### Problem
Line for line, return the data exactly, omitting all pictures.

[Stored items from a collection]
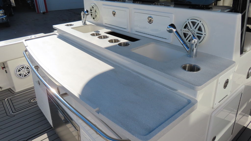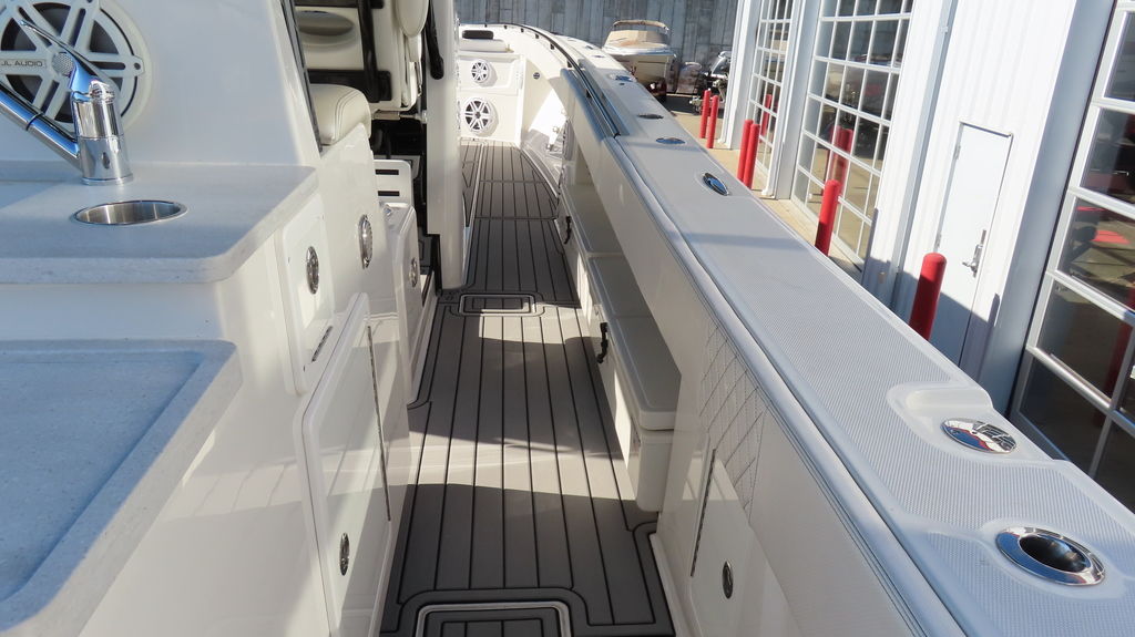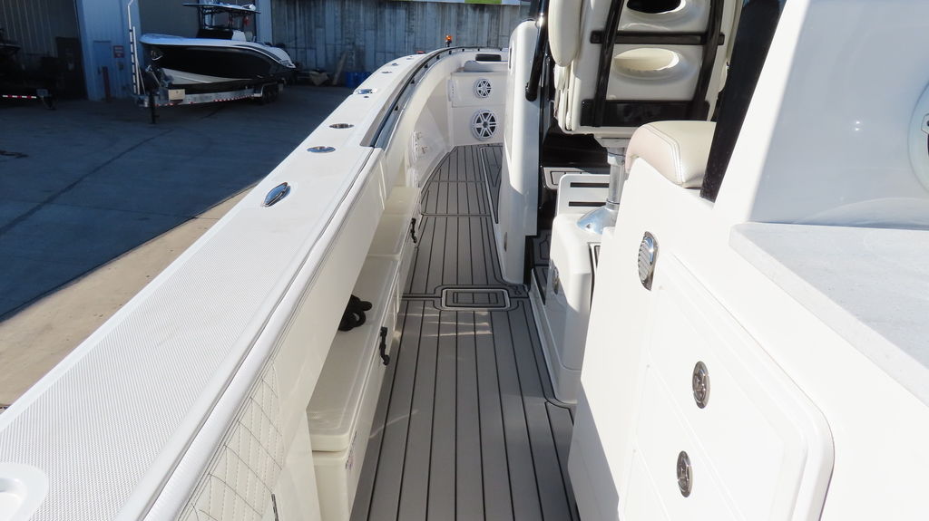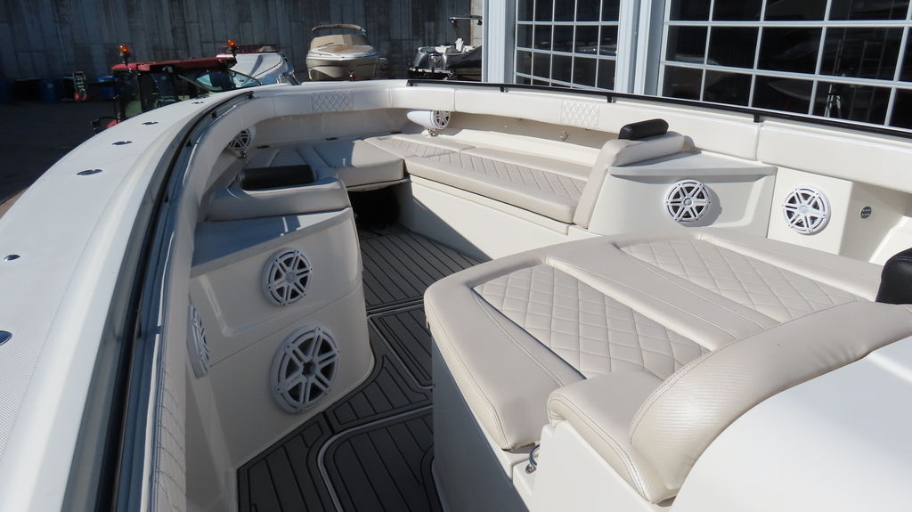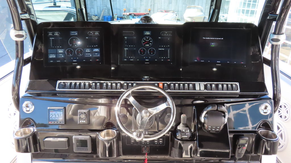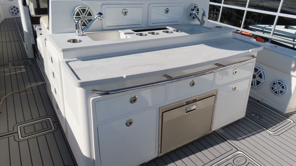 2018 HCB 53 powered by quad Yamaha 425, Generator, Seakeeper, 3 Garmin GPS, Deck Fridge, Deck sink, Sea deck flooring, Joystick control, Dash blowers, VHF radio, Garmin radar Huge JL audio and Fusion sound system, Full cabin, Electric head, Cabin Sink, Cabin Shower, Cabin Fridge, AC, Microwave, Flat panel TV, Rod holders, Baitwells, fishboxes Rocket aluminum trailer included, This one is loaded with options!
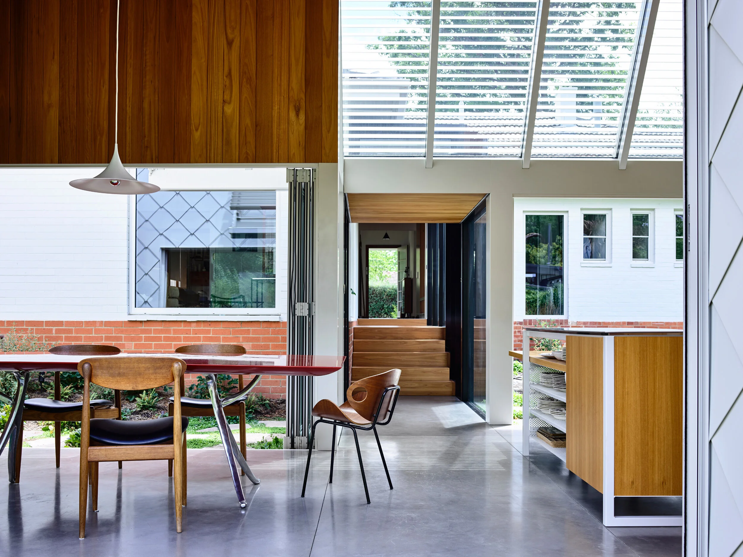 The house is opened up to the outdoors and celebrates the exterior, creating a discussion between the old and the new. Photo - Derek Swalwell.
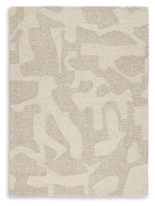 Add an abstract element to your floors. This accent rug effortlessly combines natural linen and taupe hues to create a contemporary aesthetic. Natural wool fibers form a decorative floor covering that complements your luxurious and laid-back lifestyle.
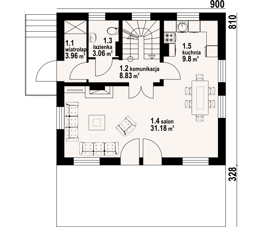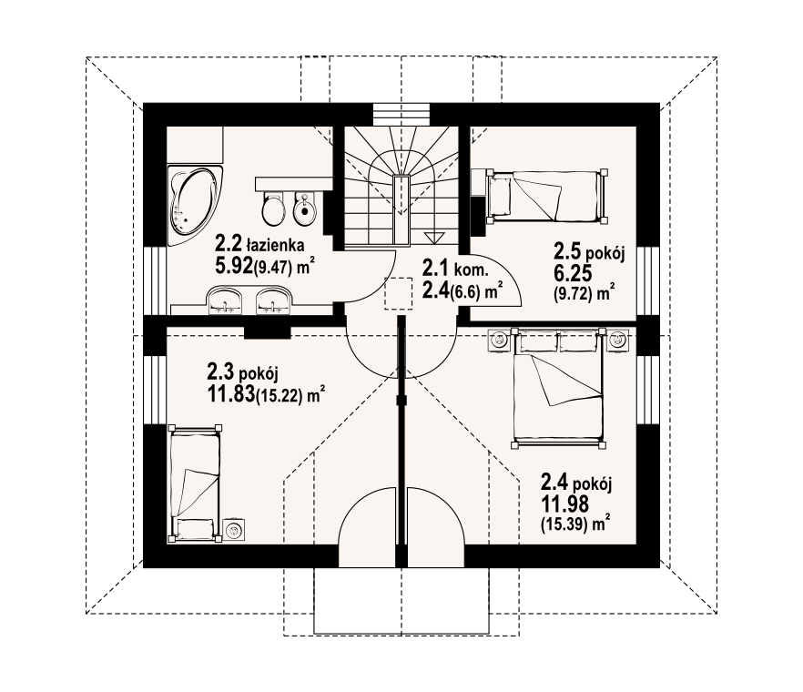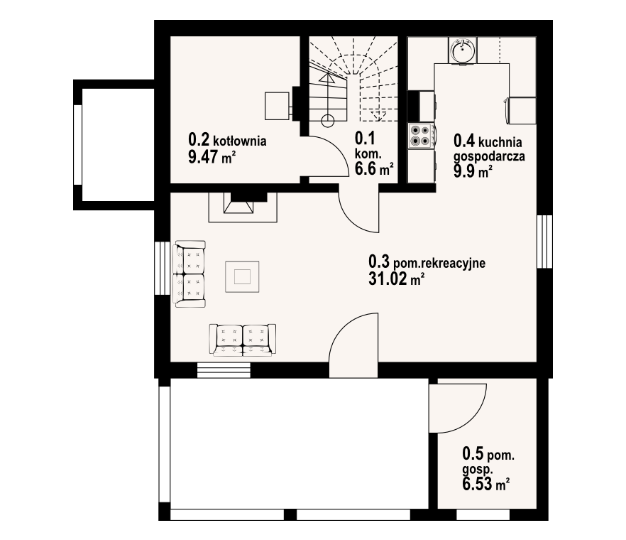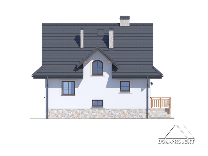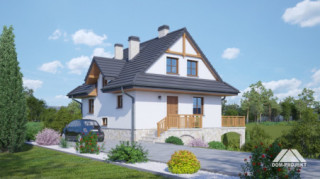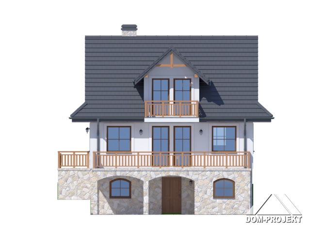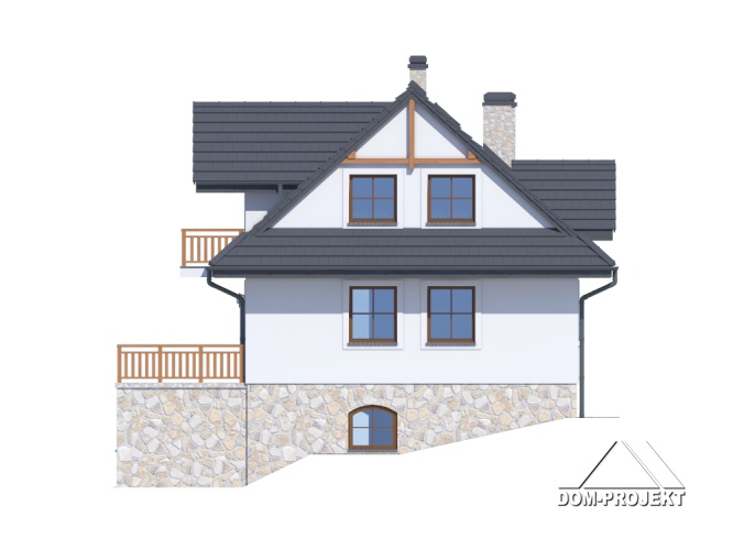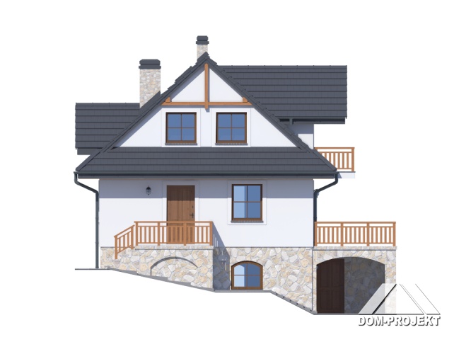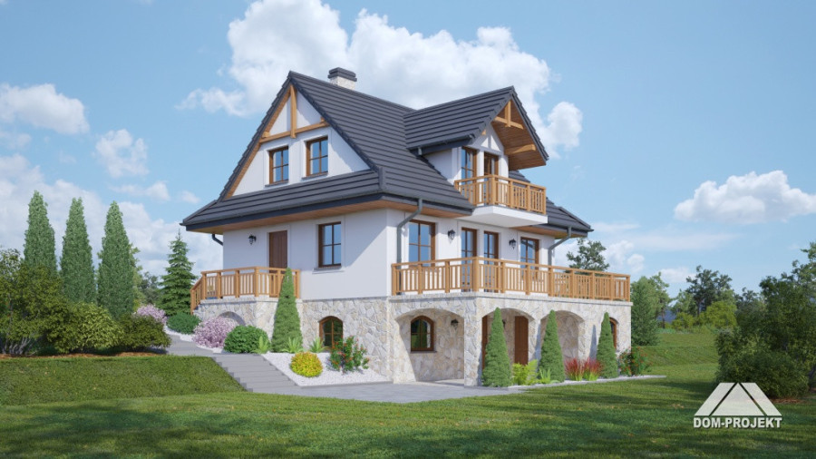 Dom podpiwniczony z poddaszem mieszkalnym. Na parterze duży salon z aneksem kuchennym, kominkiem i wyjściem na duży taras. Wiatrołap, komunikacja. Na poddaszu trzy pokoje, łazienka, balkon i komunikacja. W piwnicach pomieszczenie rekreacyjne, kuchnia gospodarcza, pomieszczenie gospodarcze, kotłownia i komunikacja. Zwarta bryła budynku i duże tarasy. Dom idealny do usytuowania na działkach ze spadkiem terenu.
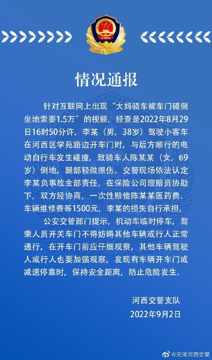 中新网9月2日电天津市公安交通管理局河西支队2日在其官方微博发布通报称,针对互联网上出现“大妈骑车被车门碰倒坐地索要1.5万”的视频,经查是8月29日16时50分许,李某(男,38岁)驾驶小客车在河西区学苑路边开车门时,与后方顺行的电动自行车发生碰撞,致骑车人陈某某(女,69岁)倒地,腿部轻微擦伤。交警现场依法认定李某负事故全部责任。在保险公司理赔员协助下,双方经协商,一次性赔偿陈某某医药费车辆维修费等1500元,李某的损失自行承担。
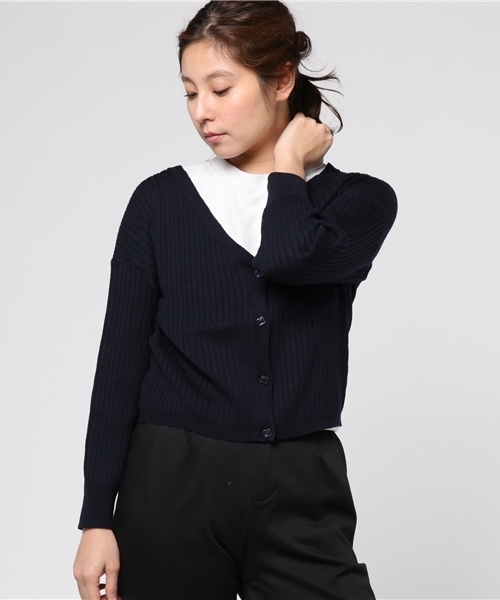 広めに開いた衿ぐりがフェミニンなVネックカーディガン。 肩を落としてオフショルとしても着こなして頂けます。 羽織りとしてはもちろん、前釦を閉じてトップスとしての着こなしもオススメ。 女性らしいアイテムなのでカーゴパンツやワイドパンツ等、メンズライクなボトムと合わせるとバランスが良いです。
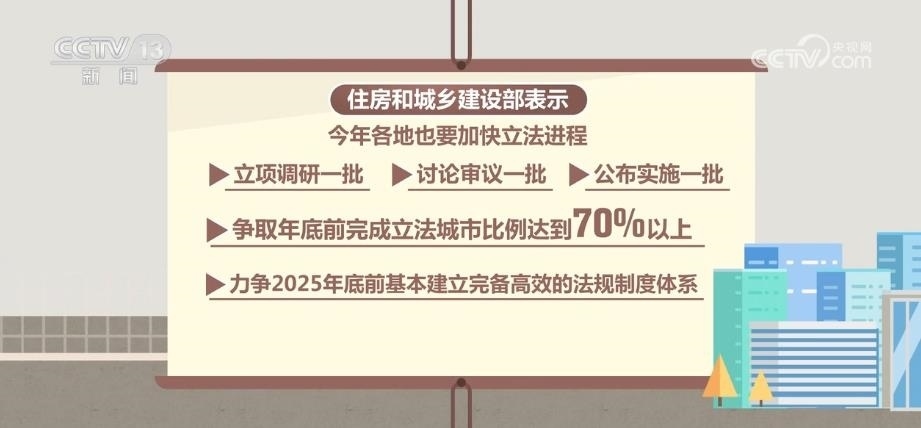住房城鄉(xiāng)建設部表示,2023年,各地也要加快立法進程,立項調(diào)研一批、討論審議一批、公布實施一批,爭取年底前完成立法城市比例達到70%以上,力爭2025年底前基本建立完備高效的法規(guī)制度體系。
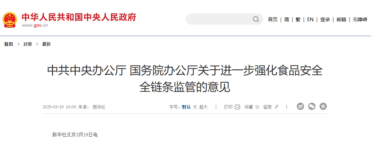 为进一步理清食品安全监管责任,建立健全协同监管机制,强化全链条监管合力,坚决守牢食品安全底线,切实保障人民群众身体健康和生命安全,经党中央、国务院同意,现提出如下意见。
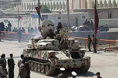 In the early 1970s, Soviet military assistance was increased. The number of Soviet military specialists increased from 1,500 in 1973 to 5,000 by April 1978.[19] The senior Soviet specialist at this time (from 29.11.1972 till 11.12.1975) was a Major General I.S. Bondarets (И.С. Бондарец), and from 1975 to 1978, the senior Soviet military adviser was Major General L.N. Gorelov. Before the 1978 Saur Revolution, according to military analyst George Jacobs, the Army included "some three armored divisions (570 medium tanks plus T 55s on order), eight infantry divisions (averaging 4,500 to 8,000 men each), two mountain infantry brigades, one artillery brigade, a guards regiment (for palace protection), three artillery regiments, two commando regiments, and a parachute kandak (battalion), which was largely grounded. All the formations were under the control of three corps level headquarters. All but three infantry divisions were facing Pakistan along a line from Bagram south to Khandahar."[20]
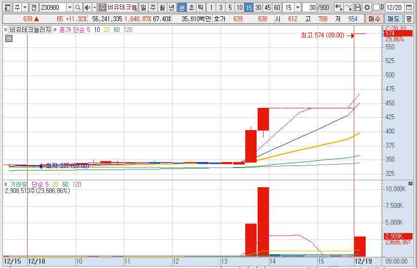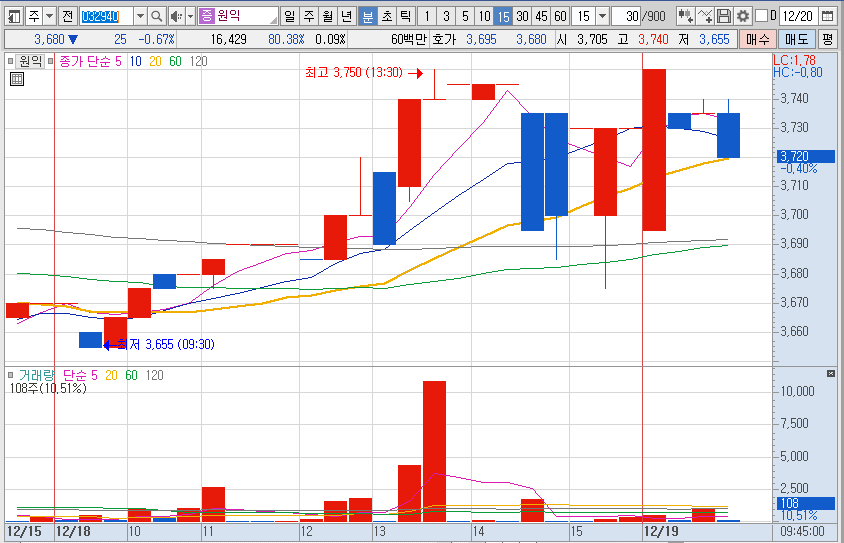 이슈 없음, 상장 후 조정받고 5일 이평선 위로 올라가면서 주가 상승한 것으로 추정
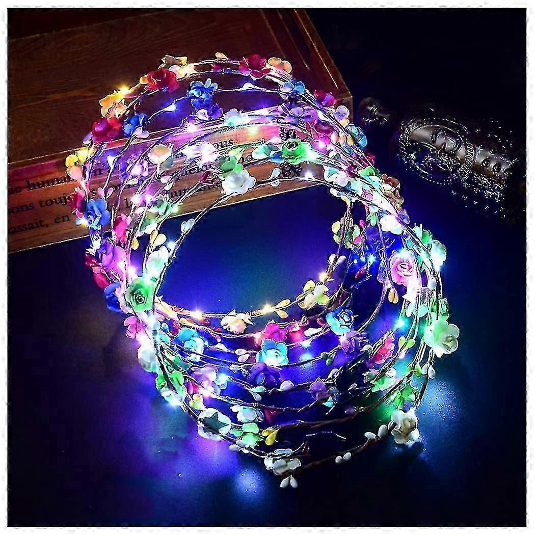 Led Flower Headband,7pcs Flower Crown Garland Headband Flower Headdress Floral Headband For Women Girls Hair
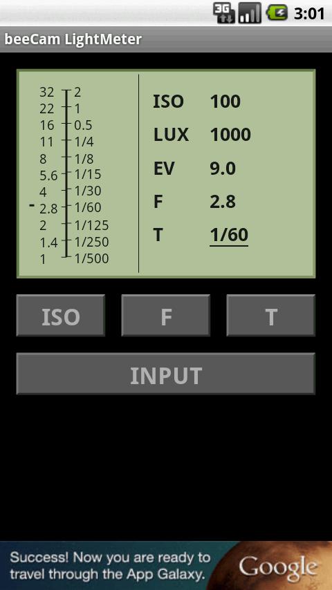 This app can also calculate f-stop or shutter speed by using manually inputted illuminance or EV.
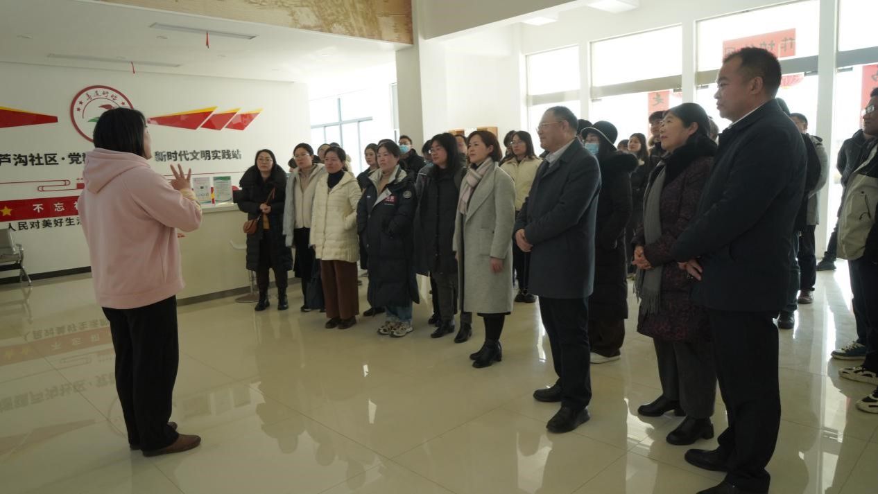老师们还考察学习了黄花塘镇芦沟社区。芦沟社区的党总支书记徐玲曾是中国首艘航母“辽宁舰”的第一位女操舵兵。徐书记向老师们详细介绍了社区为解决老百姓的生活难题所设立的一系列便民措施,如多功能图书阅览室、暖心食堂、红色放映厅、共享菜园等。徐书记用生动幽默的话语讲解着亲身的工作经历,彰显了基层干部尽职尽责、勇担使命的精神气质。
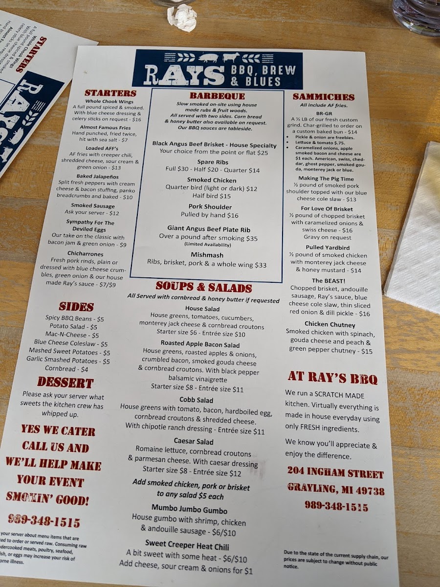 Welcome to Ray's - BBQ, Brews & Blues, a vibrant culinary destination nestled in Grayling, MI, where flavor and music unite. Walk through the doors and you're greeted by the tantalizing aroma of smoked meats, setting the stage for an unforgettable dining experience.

### Completed exercise
 2018 HCB 53 powered by quad Yamaha 425, Generator, Seakeeper, 3 Garmin GPS, Deck Fridge, Deck sink, Sea deck flooring, Joystick control, Dash blowers, VHF radio, Garmin radar Huge JL audio and Fusion sound system, Full cabin, Electric head, Cabin Sink, Cabin Shower, Cabin Fridge, AC, Microwave, Flat panel TV, Rod holders, Baitwells, fishboxes Rocket aluminum trailer included, This one is loaded with options!
 The house is opened up to the outdoors and celebrates the exterior, creating a discussion between the old and the new. Photo - Derek Swalwell.
 Add an abstract element to your floors. This accent rug effortlessly combines natural linen and taupe hues to create a contemporary aesthetic. Natural wool fibers form a decorative floor covering that complements your luxurious and laid-back lifestyle.
 Dom podpiwniczony z poddaszem mieszkalnym. Na parterze duży salon z aneksem kuchennym, kominkiem i wyjściem na duży taras. Wiatrołap, komunikacja. Na poddaszu trzy pokoje, łazienka, balkon i komunikacja. W piwnicach pomieszczenie rekreacyjne, kuchnia gospodarcza, pomieszczenie gospodarcze, kotłownia i komunikacja. Zwarta bryła budynku i duże tarasy. Dom idealny do usytuowania na działkach ze spadkiem terenu.
 中新网9月2日电天津市公安交通管理局河西支队2日在其官方微博发布通报称,针对互联网上出现“大妈骑车被车门碰倒坐地索要1.5万”的视频,经查是8月29日16时50分许,李某(男,38岁)驾驶小客车在河西区学苑路边开车门时,与后方顺行的电动自行车发生碰撞,致骑车人陈某某(女,69岁)倒地,腿部轻微擦伤。交警现场依法认定李某负事故全部责任。在保险公司理赔员协助下,双方经协商,一次性赔偿陈某某医药费车辆维修费等1500元,李某的损失自行承担。
 広めに開いた衿ぐりがフェミニンなVネックカーディガン。 肩を落としてオフショルとしても着こなして頂けます。 羽織りとしてはもちろん、前釦を閉じてトップスとしての着こなしもオススメ。 女性らしいアイテムなのでカーゴパンツやワイドパンツ等、メンズライクなボトムと合わせるとバランスが良いです。
住房城鄉(xiāng)建設部表示,2023年,各地也要加快立法進程,立項調(diào)研一批、討論審議一批、公布實施一批,爭取年底前完成立法城市比例達到70%以上,力爭2025年底前基本建立完備高效的法規(guī)制度體系。
 为进一步理清食品安全监管责任,建立健全协同监管机制,强化全链条监管合力,坚决守牢食品安全底线,切实保障人民群众身体健康和生命安全,经党中央、国务院同意,现提出如下意见。
 In the early 1970s, Soviet military assistance was increased. The number of Soviet military specialists increased from 1,500 in 1973 to 5,000 by April 1978.[19] The senior Soviet specialist at this time (from 29.11.1972 till 11.12.1975) was a Major General I.S. Bondarets (И.С. Бондарец), and from 1975 to 1978, the senior Soviet military adviser was Major General L.N. Gorelov. Before the 1978 Saur Revolution, according to military analyst George Jacobs, the Army included "some three armored divisions (570 medium tanks plus T 55s on order), eight infantry divisions (averaging 4,500 to 8,000 men each), two mountain infantry brigades, one artillery brigade, a guards regiment (for palace protection), three artillery regiments, two commando regiments, and a parachute kandak (battalion), which was largely grounded. All the formations were under the control of three corps level headquarters. All but three infantry divisions were facing Pakistan along a line from Bagram south to Khandahar."[20]
 이슈 없음, 상장 후 조정받고 5일 이평선 위로 올라가면서 주가 상승한 것으로 추정
 Led Flower Headband,7pcs Flower Crown Garland Headband Flower Headdress Floral Headband For Women Girls Hair
 This app can also calculate f-stop or shutter speed by using manually inputted illuminance or EV.
老师们还考察学习了黄花塘镇芦沟社区。芦沟社区的党总支书记徐玲曾是中国首艘航母“辽宁舰”的第一位女操舵兵。徐书记向老师们详细介绍了社区为解决老百姓的生活难题所设立的一系列便民措施,如多功能图书阅览室、暖心食堂、红色放映厅、共享菜园等。徐书记用生动幽默的话语讲解着亲身的工作经历,彰显了基层干部尽职尽责、勇担使命的精神气质。
 Welcome to Ray's - BBQ, Brews & Blues, a vibrant culinary destination nestled in Grayling, MI, where flavor and music unite. Walk through the doors and you're greeted by the tantalizing aroma of smoked meats, setting the stage for an unforgettable dining experience.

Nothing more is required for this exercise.